Tytuł: Odp: Jazda w kasku czy bez?
Wiadomość wysłana przez: Makenzen w 03 Sie 2012, 15:45:20
Ja też kaskowi zawdzięczam to, że 1 lipca 2011 r. nie rozkwasiłam sobie twarzy, bo się wryłam daszkiem od kasku w asfalt i jedynie brodę miałam odrapaną. Na pionowym rowerze jeżdżę w kasku, podobnie jak na białej poziomce, bo... nie mam jak lusterka zamontować, jedynie do kasku można ;)
W kasku czy bez - niech to będzie wolny wybór każdego rowerzysty. Narzucaniu tego prawem jestem przeciwna.
Tytuł: Odp: Jazda w kasku czy bez?
Wiadomość wysłana przez: MarioG w 03 Sie 2012, 15:46:49
Bo w naszym wolnym kraju wrzuca kazde prawo dzieki, ktoremu bedzie mozna kosic wiecej kasy za mandaty i nabijac kabze lobby 'kaskowemu' :P
Tytuł: Odp: Jazda w kasku czy bez?
Wiadomość wysłana przez: Raffi w 03 Sie 2012, 17:42:33
OK, kask nie uratuje Ci życia w 100% sytuacji, ale w ten sam sposób można dyskutować o obowiązku jeżdzenia samochodem w pasach... też jak przyłożysz 100km/h w ciężarówkę czołowo to czy w pasach czy bez niewiele zostanie...

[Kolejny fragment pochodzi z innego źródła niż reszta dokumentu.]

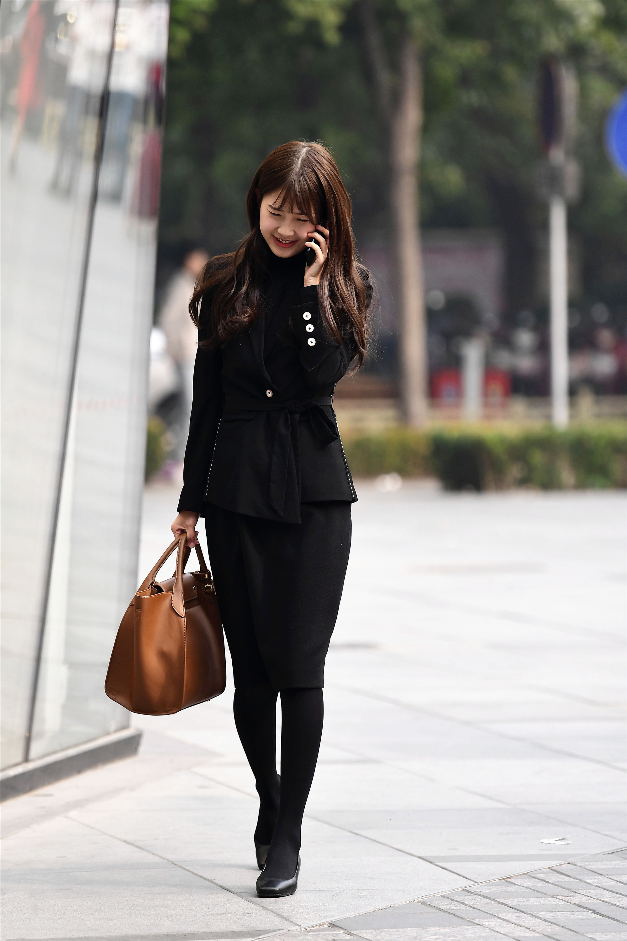 到了深秋时节,也有人开始搭配黑色出门,这一位姐姐她一身黑色,黑色西装和黑色筒裙搭配出职场丽人风范,黑丝袜搭配一双黑色皮鞋,整体的黑色,却又带着OL风格搭配。

Jednakowoż dane dotyczące pasów są "nieco" bardziej przekonujące. Były setki badań, testów, poważne opracowania, analizy statystyk. Temat jest udowodniony na tyle, że przeciwnicy zamknęli usta. A jeżeli nie zamknęli ust, to gadają o jakiś sytuacjach marginalnych typu płonące lub tonące w jeziorze auta, w których akurat zawiódł system odpinania pasów. To abstrakcja ośmieszająca samych przeciwników pasów.

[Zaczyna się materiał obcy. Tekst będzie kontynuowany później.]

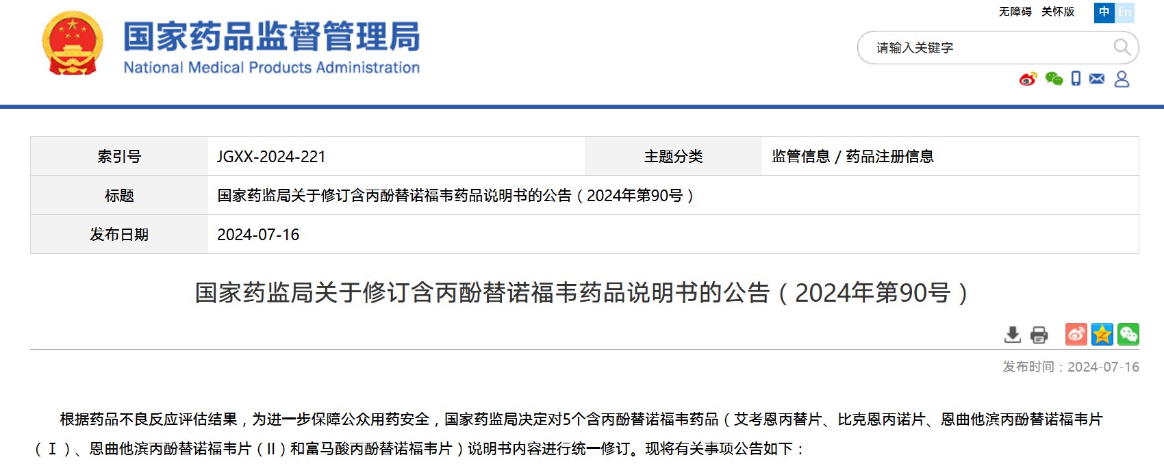 國(guó)家藥監(jiān)局關(guān)于修訂含丙酚替諾福韋藥品說(shuō)明書的公告(2024年第90號(hào))

W przypadku kasków nikt nie wykazał jednoznacznie, że cokolwiek poprawiają. Fachowcy są podzieleni. Wyniki badań nierozstrzygające lub sprzeczne. A same testy kasków nie mają nic wspólnego z rzeczywistością, bo polegają na zrzucaniu na kask kowadła, czy kowadła w kasku na ziemie pionowo w dół. Nie ma to nic wspólnego z tym jak wygląda wypadek na rowerze.


Tak. W 100% nie uratuje...
Ale mnie już raz uratował, dlatego zupełnie nie trafiają do mnie argumenty przeciwników jazdy w kaskach i ZAWSZE będę miał go założonego na głowie - nawet gdy dojeżdżam rowerem 500m, do sklepu.

Nikt Ci nie zakazuje :)


A niech "myślący inaczej" rowerzyści jeżdżą sobie bez kasku.

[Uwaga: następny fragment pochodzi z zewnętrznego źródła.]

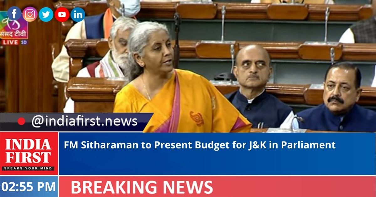 Union Finance Minister Nirmala Sitharaman will present the Budget of Union Territory of Jammu and Kashmir in Parliament today.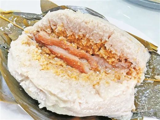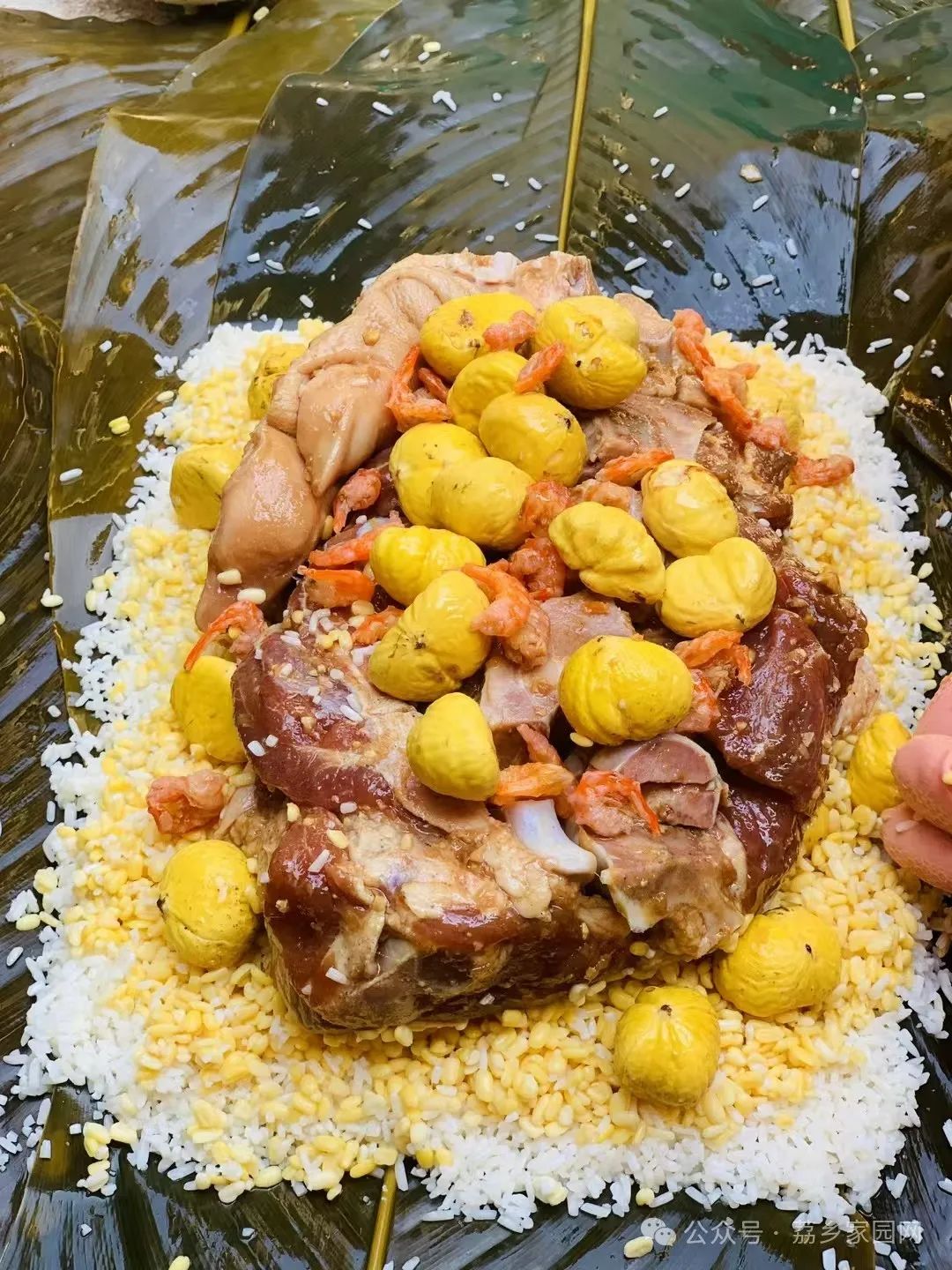 灵山大粽使用的材料都是采自灵山本地,特别是用本土猪肉,肥瘦均匀、质地松软,肉味可以渗透到糯米中,使粽子吃起来香滑可口。不仅如此,灵山大粽还可包入猪蹄、香鸡、特色腊味等食材,味道鲜美,打开粽叶,粽香撩人味蕾。

Czemu myślący inaczej? Czemu od razu te wyrzuty i wyzywanie? Tylko dlatego, że ktoś ma inne zdanie, a Ty nie jesteś w stanie udowodnić, że jest ono błędne?


W kasku czy bez - niech to będzie wolny wybór każdego rowerzysty. Narzucaniu tego prawem jestem przeciwna.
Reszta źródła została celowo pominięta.